Health plans have much at stake as Congress moves to lay down the do’s and don’ts about use of info gathered via genetic testing.
Managed care governmental affairs and medical directors have been monitoring federal genetic testing legislation for several years, but now, Hill insiders say, with the unanimous passage of the Genetic Information Nondiscrimination Act of 2005 in February by the Senate, their watch-and-see attitude may need to turn into analyze-and-plan mode.
At the very least, observers caution, medical directors should take a hard look immediately at the way their health plans deal with individual and aggregate patient data.
The measure passed by the Senate prohibits discrimination by health insurers and employers against individuals based on genetic information. Health plans could not require genetic information from applicants, or those of family members, as a condition of enrollment. In addition, the bill mandates that insurers not adjust premiums based on genetic information or require individuals to undergo genetic testing.
Congress has unsuccessfully grappled with genetic testing measures in the last several sessions. In 2003, the Senate unanimously passed almost identical legislation (this year’s version deletes one tax-related provision) that would have prohibited the use of genetic information in health insurance coverage decisions, but the measure stalled in the House.
This year’s legislation, however, has created much more of a buzz. With incredible genetic breakthroughs in cardiology and other medical areas seemingly occurring daily, lawmakers have developed a renewed interest in trying to determine how health plans should use genetic information. While no one is in favor of unrestrained, unlimited use of genetic information, of course, it’s a little murky what kinds of limits health plans might be willing to accept.
Let’s start, for example, with the stance of America’s Health Insurance Plans.
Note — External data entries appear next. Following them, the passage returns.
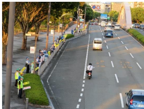
【街頭広報活動の状況】
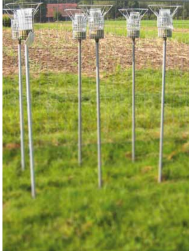
Staubniederschlag-Sammelgefäße (Versuchsfläche Nord)
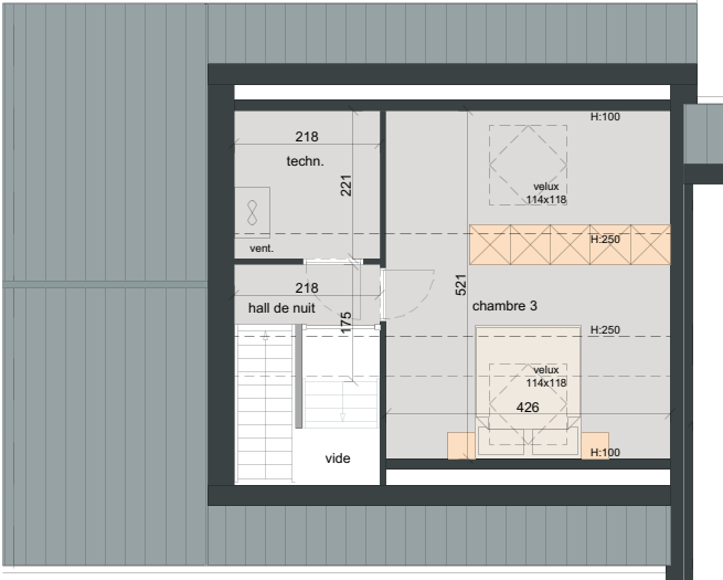
DEUXIÈME ÉTAGE SURF. = ± 37 m 2
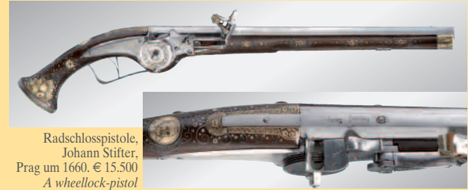
Radschlosspistole, Johann Stifter, Prag um 1660. € 15.500 A wheellock-pistol
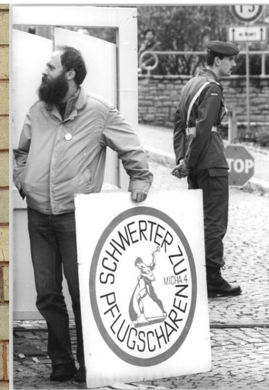
30. Oktober 1989
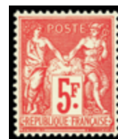
2266 30 €
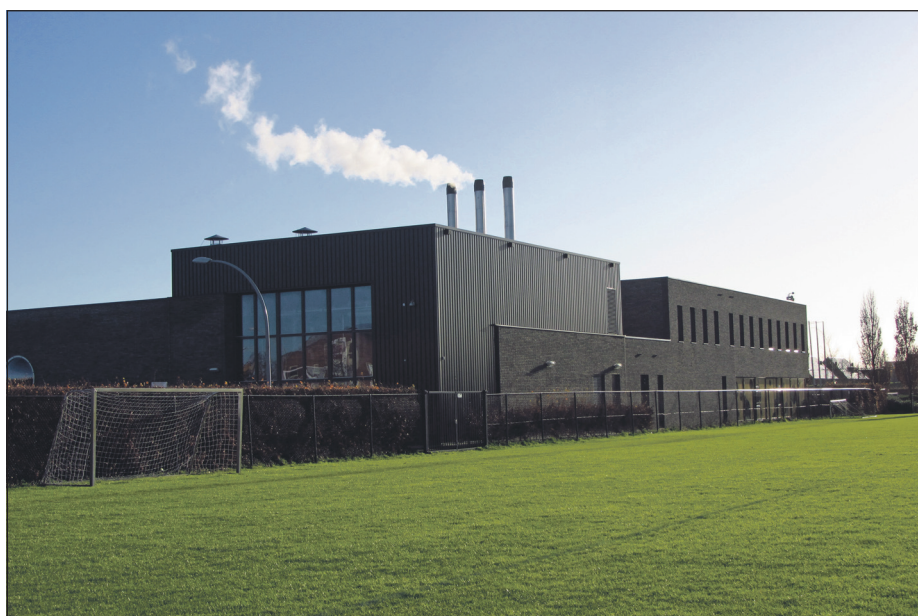
Breecamp Energie is verantwoordelijk voor de houtsnippercentrale, die zich naast zwembad Bubbels in de wijk Breecamp Oost bevindt.

De directe aanleiding van de avond was een bijeenkomst die eind september door Breecamp Energie werd georganiseerd en waar belangstellende partijen meer informatie konden krijgen over stadsverwarming. De bijeenkomst werd ook bijgewoond door leden van beide commissies. Zij hoorden een van de sprekers tot hun verbazing verklaren dat huishoudens die op de houtsnippercentrale zijn aangesloten, duurder uit zijn dan huishoudens die een conventionele gasaansluiting hebben – en dat is in strijd met de Warmtewet. Tot dan toe was steeds tegen de bewoners van Breecamp Oost gezegd dat ze niet meer zouden betalen dan bewoners
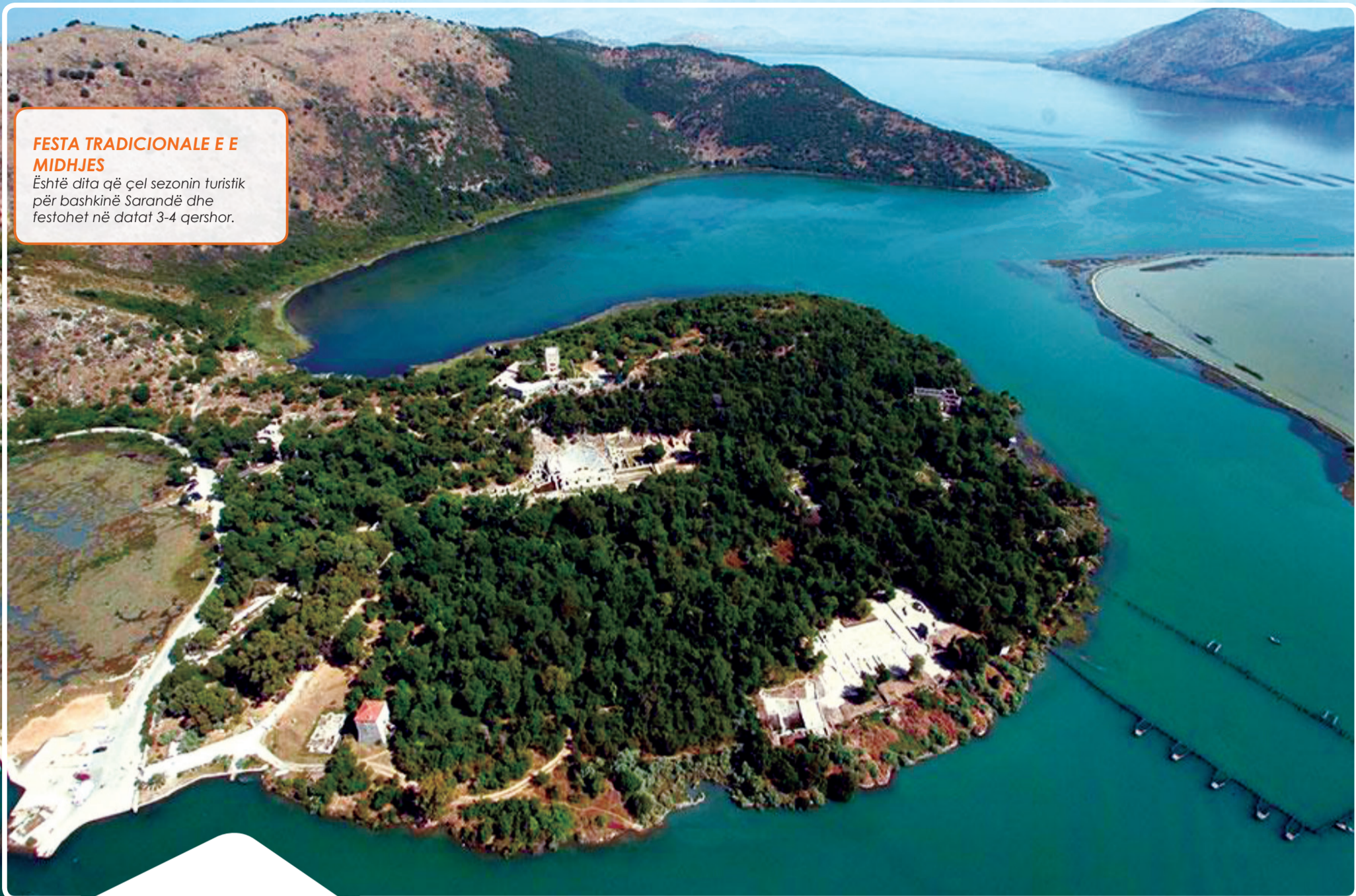
Parku i Butrintit, Sarandë

Është dita që çel sezonin turistik për bashkinë Sarandë dhe festohet në datat 3-4 qershor.
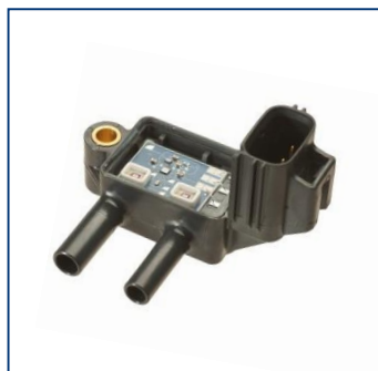
Пьезорезистивные датчики давления
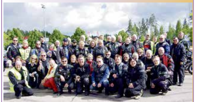
MOJ on Gospel Riders -moottoripyöräkerhon virallinen päihteen vuotuinen kokoontumisajo johon kaikki motoristit ovat tervetulleita.

Vuoden 2018 MOJ-meeting järjestetään Siikaniemen kurssikeskuksessa Hollolassa 13.-15.7.2018.
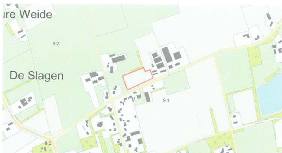
Figuur 1 Ligging van het plangebied.

Het plangebied wordt aan de noordzijde gedeeltelijk begrensd door een houtsingel, aan de zuidzijde door de Bernhardstraat met daarlangs een bomenrij van lindebomen ( Tilia spec. ), aan de oostzijde door een agrarisch bedrijfsperceel en aan de westzijde door een agrarisch perceel.
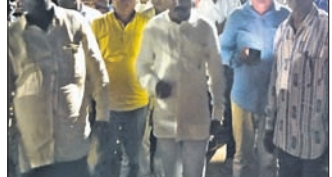
ନନ୍ଦପୁର, ୧୬(ଡି.ଏନ୍.ଏ.) ନନ୍ଦପୁର ଜିଲ୍ଲାର ବିଧାୟକଙ୍କ ପକ୍ଷରୁ ଅଗ୍ନିକାଣ୍ଡ କ୍ଷତିଗ୍ରସ୍ତଙ୍କୁ ସହାୟତା ଦେବାକୁ ନିର୍ଦ୍ଦେଶ ଦିଆଯାଇଥିଲା।
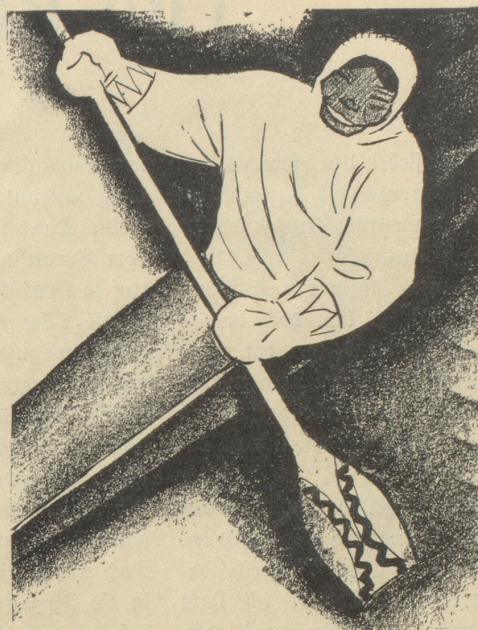
2. Der Eskimo trägt keine SUN , weil er sie nicht kennt.
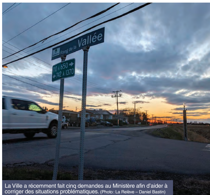
La Ville a récemment fait cinq demandes au Ministère afin d'aider à corriger des situations problématiques.

Finalement, les élus ont demandé au MTMD de procéder à la réévaluation de l'intersection formée par le chemin de Touraine et le chemin du Fer-à-Cheval et de proposer des mesures visant à faciliter et à sécuriser les manœuvres de virages à cet endroit.
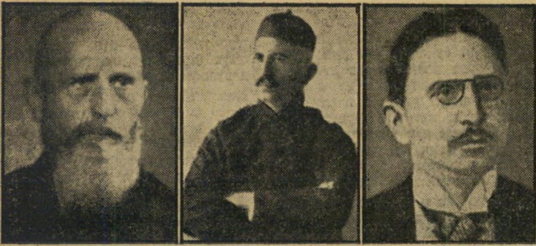
מריביטש ליינקולן בשלבים שונים • גם היטלר, גם צ'רצ'יל היו שם
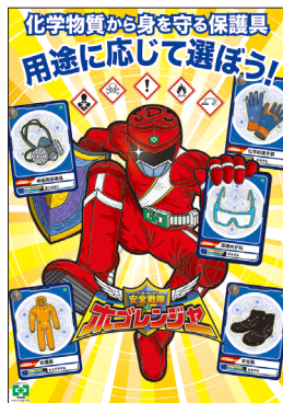
化学物質・保護具 No.31898
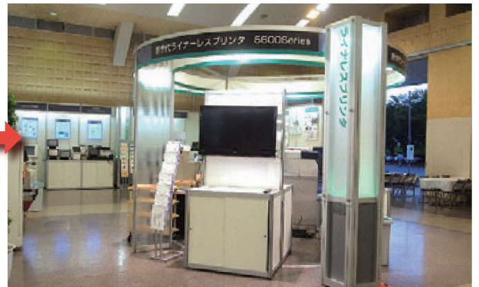
■寺岡精工様 長野個展(2013年07月)

SRDS 2 のお問い合わせ 東京本部 03-5646-1160 大阪本社 06-6624-3601 企画営業本部まで
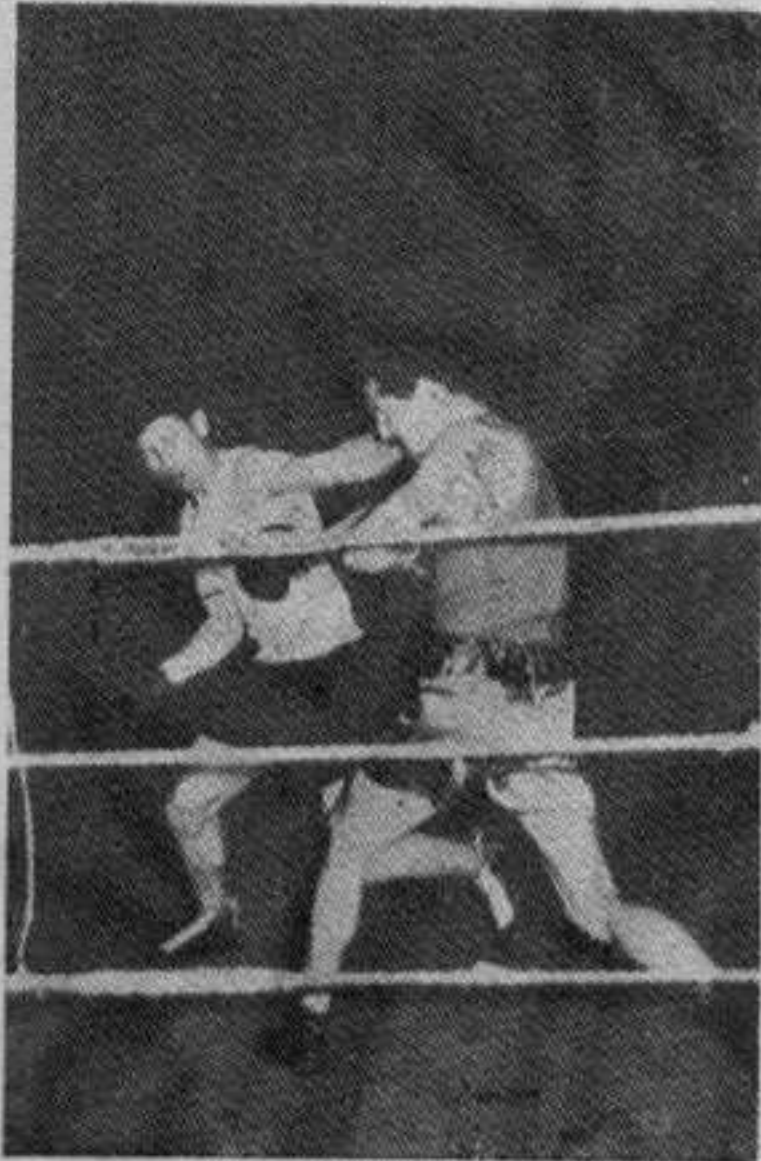
ХОЋЕ, НЕЋЕ: са једног боксмеча

ПРЕ ДЕСЕТ ДАНА, КАО И У СРЕДУ ВЕЧЕ, УПРАВА Б. К. ИБРА ОДРЖАЛА ЈЕ САСТАНАК И ПОКРЕНУЛА ПИТАЊЕ ОЖИВЉАВАЊЕ БОКСА У КРАЉЕВУ. Ова кратка информација нас је изненадила и наравно заголицала, јер смо били убеђени да боксерски спорт у нашем граду више не постоји.

AHIP’s official position is that genetic information, like all private health information, should be protected and, in fact, HIPAA’s privacy rules already strictly regulate the collection, use, and disclosure of this type of information.
The group points out that there are some very positive aspects to this kind of data. “We believe that genetic information can play an important role in quality improvement activities for early detection and intervention through disease management programs,” says the AHIP spokesman, Mohit Ghose.
HIP’s position statement, which Ghose describes as being a consensus of what its members and board think on the issue, details another area that could be compromised by genetic nondiscrimination legislation: wellness and disease management programs. The Senate measure specifically states that individuals may not be required to undergo genetic tests and mandates that health care professionals may provide information and notify individuals about genetic tests as long as such actions are carried out as a part of a bona fide wellness program. However, AHIP asserts, health plans, viewing the legislation in its totality, may still be reluctant to provide access to relevant screening and disease management programs. And, of course, there’s no guaranteed that the final legislation will contain the provision relating to wellness programs.
In fact, the measure, as passed by the Senate, specifically mandates that health care professionals may notify individuals about genetic tests and provide information about tests so long as such actions are carried out as part of a bona fide wellness program. But the bill also specifically states that individuals may not be required to undergo genetic tests.
At press time, it was unclear when the House would take up the Genetic Information Nondiscrimination Act. What’s standing in the way of enacting legislation? A couple of key questions underlie the current discussion this time around. First, has there been a problem with discrimination based on genetic information? Second, is legislation really needed to address these alleged abuses?
“I don’t think there’s been much discrimination based on genetic information,” says Gregory Piche, a health law lawyer at Holland & Hart. “But I think there’s a huge potential. It makes reasonable underwriting sense for insurers to consider genetic information so as to anticipate problems that could be predicated and planned for.”
The purpose of underwriting, Piche points out, is to accurately predict the costs of coverage in the future, and the genetic predisposition of beneficiaries both individually and collectively are useful factors. The problem arises when the focus shifts from aggregate risk to individual risk: Beneficiaries are punished because their personal genetic makeup increases the risk to insurance companies and increases the cost of insurance coverage to employers.
But while Piche doesn’t think the current legislation will have much of an effect on health plans in the short term, caution should be the watchword in the long term. Plans will want to “be careful about building a firewall between that [genetic] information on the underwriting side from the medical management side,” Piche explains. “The trick is to be able to keep that data separate and prove that you keep it separate.”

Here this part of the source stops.